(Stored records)
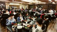 昨夜は、宿でゆっくりとおいしい夕食をとった子どもたち。今朝もそろって朝食を食べて、1日の開始です。しっかり食べて、今日も会津での時間を元気に有意義に過ごしてほしいと思います。
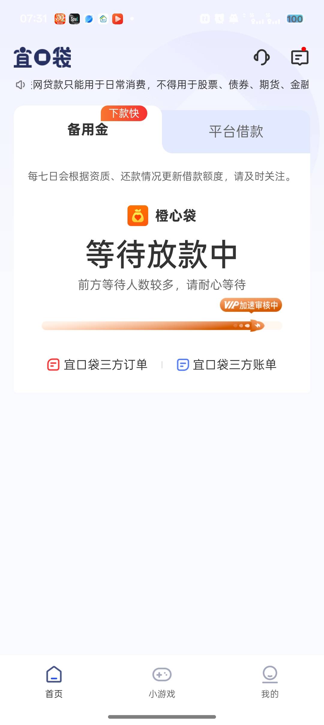 一样滴25号到今天没放。宜口袋28号还款日一期逾期起走。1日2号还有本体1笔,橙心贷两笔。不放就逾期起走
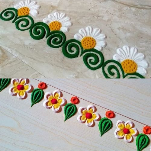 These feature sharp lines, mandalas, and 3D effects—ideal for a contemporary home. Use stencils and vibrant rangoli powders.
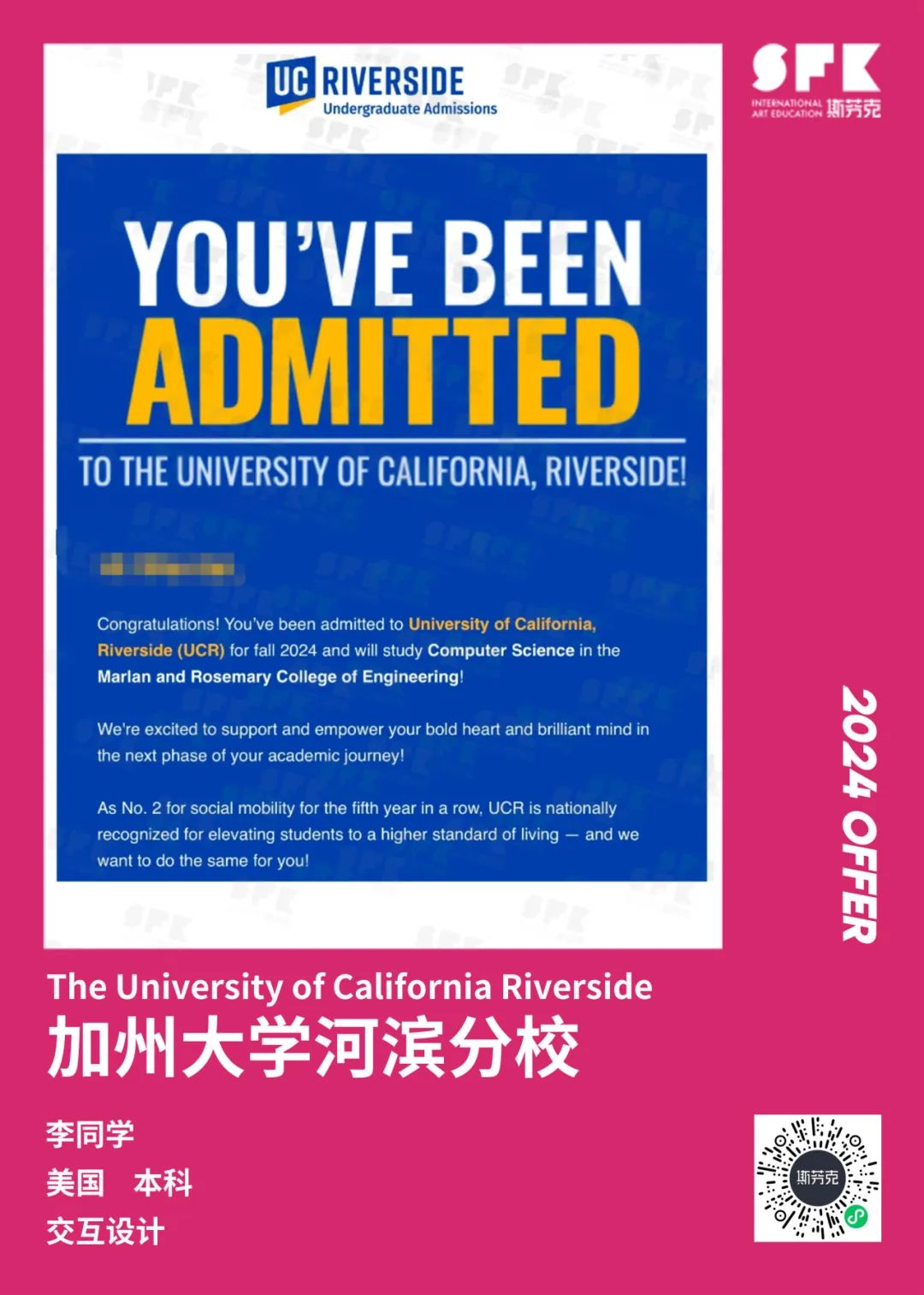 特别在本科录取中,学生高中背景多元,有知名国际高中、重点高中国际部,也有普通高中与中专。同学们在艺术与设计作品集和背景活动上的深耕以及相互强关联,让不同背景的同学都能获得知名公立大学的青睐。
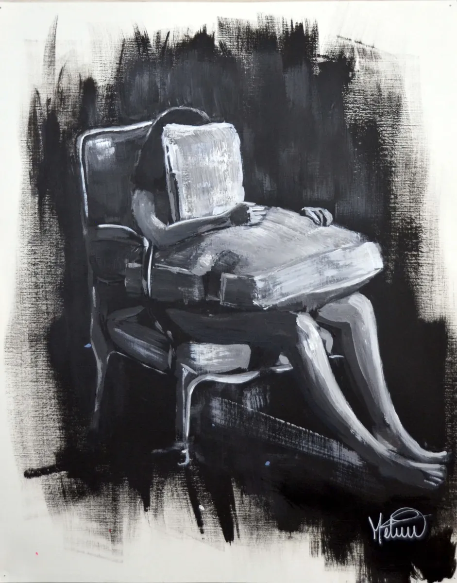 Disappeared delves into themes of erasure and absence through a striking monochromatic composition. The seated woman, hidden beneath chair cushions, embodies isolation and duality, revealed by bold contrasts and expressive texture
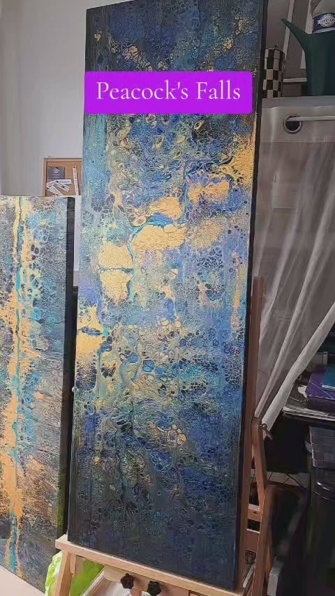 Peinture acrylique métallique et fines paillettes sur châssis en bois entoilé 3D de 50x150x3cm

**The task:**
Type out the entries again without a single change, and leave the pictures out.

**Solution:**
 昨夜は、宿でゆっくりとおいしい夕食をとった子どもたち。今朝もそろって朝食を食べて、1日の開始です。しっかり食べて、今日も会津での時間を元気に有意義に過ごしてほしいと思います。
 一样滴25号到今天没放。宜口袋28号还款日一期逾期起走。1日2号还有本体1笔,橙心贷两笔。不放就逾期起走
 These feature sharp lines, mandalas, and 3D effects—ideal for a contemporary home. Use stencils and vibrant rangoli powders.
 特别在本科录取中,学生高中背景多元,有知名国际高中、重点高中国际部,也有普通高中与中专。同学们在艺术与设计作品集和背景活动上的深耕以及相互强关联,让不同背景的同学都能获得知名公立大学的青睐。
 Disappeared delves into themes of erasure and absence through a striking monochromatic composition. The seated woman, hidden beneath chair cushions, embodies isolation and duality, revealed by bold contrasts and expressive texture
 Peinture acrylique métallique et fines paillettes sur châssis en bois entoilé 3D de 50x150x3cm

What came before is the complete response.